Verschillen tussen planten- en dierencellen

Dierlijke cellen en planten cellen lijken op elkaar omdat ze beide eukaryotisch zijn cellen. Deze cellen hebben een waarheid kern, welke huizen DNA en is gescheiden van andere cellulaire structuren door een kernmembraan. Beide celtypen hebben vergelijkbare reproductieprocessen, waaronder mitose en meiosis. Dierlijke en plantencellen verkrijgen de energie die ze nodig hebben om te groeien en de normale cellulaire functie te behouden door middel van cellulaire ademhaling. Beide celtypen bevatten ook celstructuren die bekend staan ​​als organellen, die gespecialiseerd zijn in het uitvoeren van functies die nodig zijn voor normale cellulaire werking. Dierlijke en plantencellen hebben enkele van dezelfde celcomponenten gemeen, waaronder een kern, Golgi complex, endoplasmatisch reticulum, ribosomen, mitochondriën, peroxisomen, cytoskelet, en cel (plasma) membraan. Hoewel dierlijke en plantaardige cellen veel gemeenschappelijke kenmerken hebben, zijn ze ook verschillend.

Dierlijke cellen zijn over het algemeen kleiner dan plantencellen. Dierlijke cellen hebben een lengte van 10 tot 30 micrometer, terwijl plantencellen een lengte hebben van 10 en 100 micrometer.

instagram viewer

Van de 20 aminozuren nodig om te produceren eiwittenkunnen er slechts 10 natuurlijk geproduceerd worden in dierlijke cellen. De andere zogenaamde essentiële aminozuren moeten via de voeding worden verkregen. Planten kunnen alle 20 aminozuren synthetiseren.

Cytokinesis, de afdeling van de cytoplasma tijdens celdeling, treedt op in dierlijke cellen wanneer zich een splitsingsgroef vormt die het celmembraan in tweeën knijpt. Bij plantencelcytokinese wordt een celplaat geconstrueerd die de cel verdeelt.

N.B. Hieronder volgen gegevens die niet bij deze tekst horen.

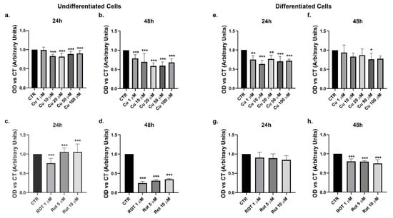 Effects of copper on cell viability (relative MTT assay). Undifferentiated SHSY5Y cells were treated with the indicated concentrations of copper or rotenone for 24 h (a,c) and 48 h (b,d). The same treatments were performed in differentiated cells, also in this case for 24 h (e–g) and 48 h (f–h). The results are presented as means ± SD of seven replicates; values were compared with untreated cells (CTR) by one-way ANOVA following Tukey test * p < 0.0332 ** p < 0.0021 *** p < 0.0002, compared to untreated cells (CTR).

Deze structuren komen niet voor in dierlijke cellen, maar zijn aanwezig in plantencellen. Glyoxysomen helpen af ​​te breken lipiden, vooral bij het ontkiemen van zaden, voor de productie van suiker.

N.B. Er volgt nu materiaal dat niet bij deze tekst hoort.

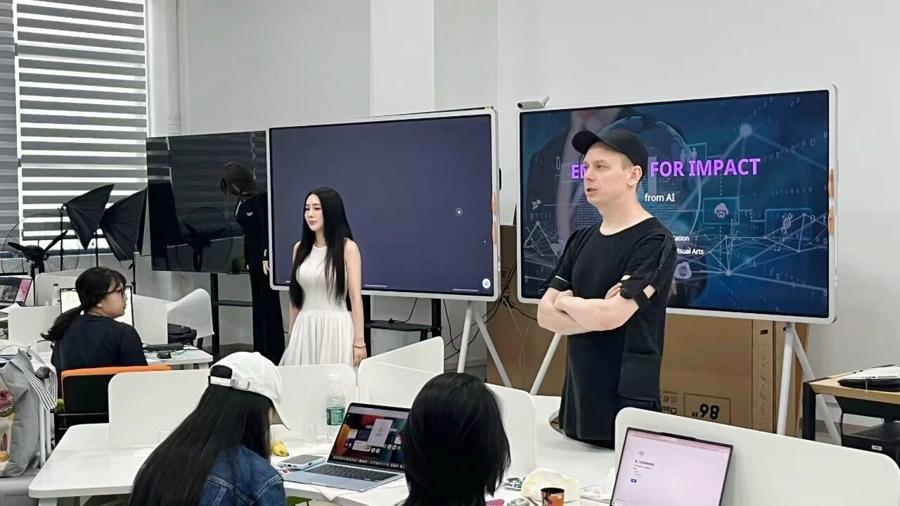 在教學設計上,本學期專業課創新採用整合式課程集羣模式,由未來設計學院青年教師蔣藝副教授牽頭規劃,並聯合英國藝術家Leon Krykhtin、留美青年教師賈璇濱組成國際教學團隊協同授課,保障教學的專業視野與國際化水準。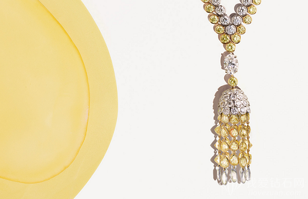 diaoyusecaimingliangshanshuo,guangmanglaiziyulinzhongqiangliefanguangdeweixijingti,yulincengdiepailie,shanlianggengweituchu。dianguangdiaoyugaojizhubaozhuyaoyicaihuangzuanjihuangsetianranyuanzuandazao。huangzuanyushanyaobaizuanjiaoxianghuiying,zaijifushangyingshechucanranhuimang,wanrulinlinboguang。

Dierlijke cellen hebben geen plasmodesmata. Plantencellen hebben plasmodesmata, poriën tussen celwanden van planten die het mogelijk maken dat moleculen en communicatiesignalen tussen individuele plantencellen passeren.

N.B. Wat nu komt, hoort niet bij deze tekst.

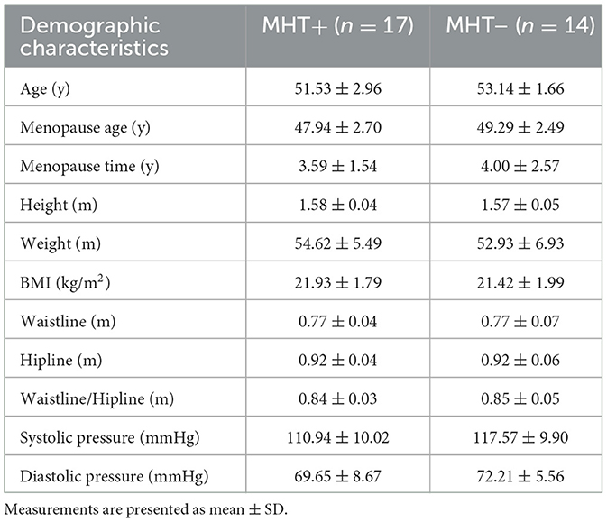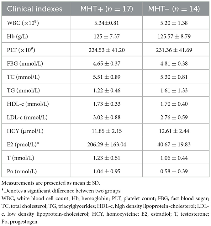 In this study, clinical information and biological samples from a cohort of 31 individuals were gathered and subjected to comprehensive analysis. The participants were divided into two groups: MHT+ group (n = 17) and MHT– group (n = 14), as detailed in Table 1. Within the MHT+ cohort, all subjects were administered estrogen, either orally through Tibolone (n = 2), or transdermally via estradiol gel (n = 2), or orally through femostone (1/10 mg) (n = 13) in combination with progestogen, the duration of MHT was 0.5 to 7 years (2.23 ± 1.88 years). No significant discrepancies were observed between the two groups with respect to age, BMI, blood pressure, smoking and alcohol consumption, the presence of common chronic diseases and medication usage. Furthermore, no significant differences were detected in circulating levels of hemoglobin (Hb), white blood cells count (WBC), platelet count (PLT), fasting blood glucose (FBG), high-density lipoprotein cholesterol (HDL-c), low-density lipoprotein cholesterol (LDL-c), total cholesterol (TC), triglycerides (TG), and homocysteine (HCY) between the two groups.

Eukaryote cellen van dieren en planten verschillen ook van prokaryotische cellen Leuk vinden bacteriën. Prokaryoten zijn meestal eencellige organismen, terwijl dierlijke en plantencellen over het algemeen meercellig zijn. Eukaryote cellen zijn complexer en groter dan prokaryote cellen. Dierlijke en plantencellen bevatten veel organellen die niet in prokaryote cellen voorkomen. Prokaryoten hebben geen echte kern omdat het DNA niet in een membraan zit, maar is opgerold in een gebied van het cytoplasma dat de nucleoïde wordt genoemd. Terwijl dierlijke en plantencellen zich voortplanten door mitose of meiose, planten prokaryoten zich het meest voort door binaire splitsing.

Planten- en dierencellen zijn niet de enige soorten eukaryote cellen. Protisten en schimmels zijn twee andere soorten eukaryote organismen. Voorbeelden van protisten zijn onder meer algen, euglena en amoeben. Voorbeelden van schimmels zijn paddenstoelen, gisten en schimmels.